The inventory of books on the shelves and in niches throughout the large space is about 5,000 (with about another 100 boxes in storage) and Elise’s specialty is literary fiction. They also have kids’ books.
How are the Reviews?
Certainly, one way to get a feel for how things are going besides personal visits and talking to the owner, is checking out social media reviews. I always try to see if there are themes and if their are trends to the comments. Also, if there are any crazy reviewers which is often the case.
In the first year of operation, one would expect some negative reviews but other than one reviewer who complained that she thought it was too loud and another that he thought that it was too quiet and they needed music, many of the reviews were almost effusive (see below).
I was impressed that whenever there was a comment with even a mild criticism or some suggestions for improvements, Elise always responded – a smart move for any business owner. And I did find one from 12/7/19 that seemed at least at little bit crazy:
“Everyone here seemed nice, but snobby. I found myself to be the only one of 7-8 people grooming the book shelves in search of a life changing event. Most people keyed away on their laptops or tablets.
I really just didn’t like the kind of people in this place. Maybe it’s that I don’t fit in. I felt like I was surrounded by angry feminists and judgmental leftists. I was wearing business attire and the glares I got were uncomfortable. I just didn’t feel like I fit in. Otherwise this would be a 5/5”
I hope this person had a life-changing event other than the one all of us have experienced in the last few weeks, but in contrast, the comments below describe the ambiance of the pub:
“This place feels like a comfortable mix of a Powell’s and your favorite corner bar. People were sitting alone reading and sipping beer, playing games with family, meeting up with a friend or having a glass of wine while they worked on their computer. I got lucky enough to meet the owner, Elise, who is as charming as this pub. She has made a place that everyone can feel welcome.” (Yelp 12/29/19)
“Beautiful space with friendly ‘barbarians’ and a warm atmosphere. Will definitely be back!” (Yelp 3/11/20)
“I stopped in for the first time on my latest trip to Portland and absolutely fell in love! This place is basically Portland in a pub.” (Yelp 9/12/19)
“Only in Portland will you find a place as cool as this. Where east meets west, the place that defines PDX. If you thought Powells was cool, this place trumps it in all aspects.” (Yelp 7/22/19)
What’s Holding You Back?
And finally, another one that is more evidence that you should drop by and say “hello” to Elise and her staff:
“This place is pretty awesome! Do you ever have a book and want to read? Do you ever want to read with beer and or wine, maybe a cocktail? Not a bar, not some scene place, but some place where you can actually read. I’ve long wanted one and this is it.
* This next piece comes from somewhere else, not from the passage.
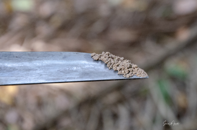 At one point the road was blocked by tree limbs. Zapa and Chaco pulled out their machetes and hacked away. That cleared the path, but it turned out that the limbs were covered in ants which then crawled all over Zapa. He was not happy.

It’s a mash up if you’re favorite small bookstore had food and drinks, this is what would happen. We came here for bookclub and it was so fun. We had a great discussion, their selection of beers on tap is extensive and they have several food options.”
And if you feel so inclined, you can even bring in and post some original writing or poetry for patrons to view which occupy one wall and add another nice community touch. This photo shows their “Take a Poem/Leave a Poem” feature. Some are original works, some are copies of published works. Another nice touch. (And by the way, if you want to help, the RCBP also takes donations of books.)